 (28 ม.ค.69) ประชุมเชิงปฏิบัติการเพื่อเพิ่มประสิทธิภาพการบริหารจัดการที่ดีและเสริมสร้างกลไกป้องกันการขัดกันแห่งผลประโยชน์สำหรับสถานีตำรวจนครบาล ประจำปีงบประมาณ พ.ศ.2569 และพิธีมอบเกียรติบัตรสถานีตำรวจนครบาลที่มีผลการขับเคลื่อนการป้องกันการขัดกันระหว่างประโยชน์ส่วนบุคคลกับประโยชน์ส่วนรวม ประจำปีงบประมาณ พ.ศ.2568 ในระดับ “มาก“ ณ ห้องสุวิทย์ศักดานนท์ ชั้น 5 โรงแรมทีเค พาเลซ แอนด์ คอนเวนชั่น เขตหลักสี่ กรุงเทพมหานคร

**********

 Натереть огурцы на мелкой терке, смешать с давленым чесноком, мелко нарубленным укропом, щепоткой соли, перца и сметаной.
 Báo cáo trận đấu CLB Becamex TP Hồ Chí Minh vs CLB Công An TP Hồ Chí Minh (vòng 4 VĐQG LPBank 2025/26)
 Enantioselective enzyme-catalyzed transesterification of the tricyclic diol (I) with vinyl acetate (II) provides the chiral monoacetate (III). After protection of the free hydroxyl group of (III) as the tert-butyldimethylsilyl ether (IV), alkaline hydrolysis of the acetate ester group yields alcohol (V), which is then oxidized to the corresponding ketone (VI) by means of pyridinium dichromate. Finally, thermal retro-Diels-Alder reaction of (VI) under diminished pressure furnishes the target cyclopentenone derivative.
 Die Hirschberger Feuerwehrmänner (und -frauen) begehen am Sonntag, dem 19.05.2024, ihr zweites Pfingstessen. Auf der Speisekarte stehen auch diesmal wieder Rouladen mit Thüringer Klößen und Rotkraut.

**********

Copy out only the lines above from the one with "Натереть огурцы на" to the one with "Die Hirschberger Feuerwehrmänner", inclusive, exactly as they stand.

- RESPONSE TO THE TASK -
 Натереть огурцы на мелкой терке, смешать с давленым чесноком, мелко нарубленным укропом, щепоткой соли, перца и сметаной.
 Báo cáo trận đấu CLB Becamex TP Hồ Chí Minh vs CLB Công An TP Hồ Chí Minh (vòng 4 VĐQG LPBank 2025/26)
 Enantioselective enzyme-catalyzed transesterification of the tricyclic diol (I) with vinyl acetate (II) provides the chiral monoacetate (III). After protection of the free hydroxyl group of (III) as the tert-butyldimethylsilyl ether (IV), alkaline hydrolysis of the acetate ester group yields alcohol (V), which is then oxidized to the corresponding ketone (VI) by means of pyridinium dichromate. Finally, thermal retro-Diels-Alder reaction of (VI) under diminished pressure furnishes the target cyclopentenone derivative.
 Die Hirschberger Feuerwehrmänner (und -frauen) begehen am Sonntag, dem 19.05.2024, ihr zweites Pfingstessen. Auf der Speisekarte stehen auch diesmal wieder Rouladen mit Thüringer Klößen und Rotkraut.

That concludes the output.